= NUSAP =

NUSAP is a notational system for the management and communication of uncertainty in science for policy, based on five categories for characterizing any quantitative statement: Numeral, Unit, Spread, Assessment and Pedigree. NUSAP was introduced by Silvio Funtowicz and Jerome Ravetz in the 1990 book Uncertainty and Quality in Science for Policy. See also van der Sluijs et al. 2005.

==The concept==
The name "NUSAP" is an acronym for the categories just mentioned.

- Numeral will usually be an ordinary number;
- Unit refers to the units used in Numeral;
- Spread is an assessment of the error in the value of the Numeral;
- Assessment is a summary of salient qualitative judgements about the information - this can be of statistical nature (a significance level) or more general, e.g. involving terms such as 'conservative' or 'optimistic'. If the number is model-generated Assessment may include an estimate of the quality of the related uncertainty and sensitivity analysis;
- Pedigree is an evaluative description of the mode of production and of anticipated use of the information.

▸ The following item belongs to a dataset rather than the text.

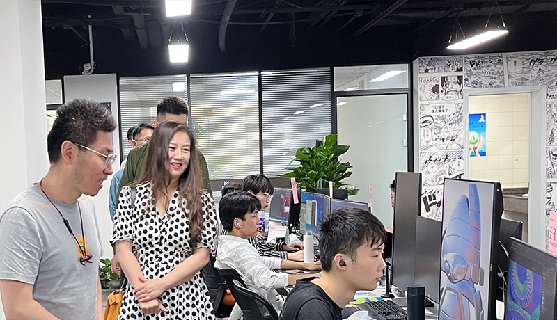 玛雅动画制作有限公司总经理胡国军对我院一行人的到访表示欢迎,并详细介绍了公司概况、未来发展规划及业务前景。项目经理樊华对公司所做的游戏、番剧、原画、影视制作、栏目包装、视频等项目做了具体展示说明。

The pedigree can be expressed by means of a matrix; the columns represent the various phases of production or use of the information, and each column contains marks to rank the performance. Marks can be numerical as well as qualitative, see an example here. Recent applications of NUSAP are in the field of climate science, hydrology, medical research and risk assessment.
Applications relevant to the activities of the European Food Safety Authority EFSA are Bouwknegt and Havelaar (2015) and EFSA BIOHAZ Panel, (2015).

Together with Sensitivity auditing NUSAP can be considered as a method useful at the science policy interface - when numbers produced by either experiment, survey or mathematical modelling need to be used in the appraisal or the formulation of a policy. See also Post-normal science.

An early description of NUSAP is due to Funtowicz and Ravetz.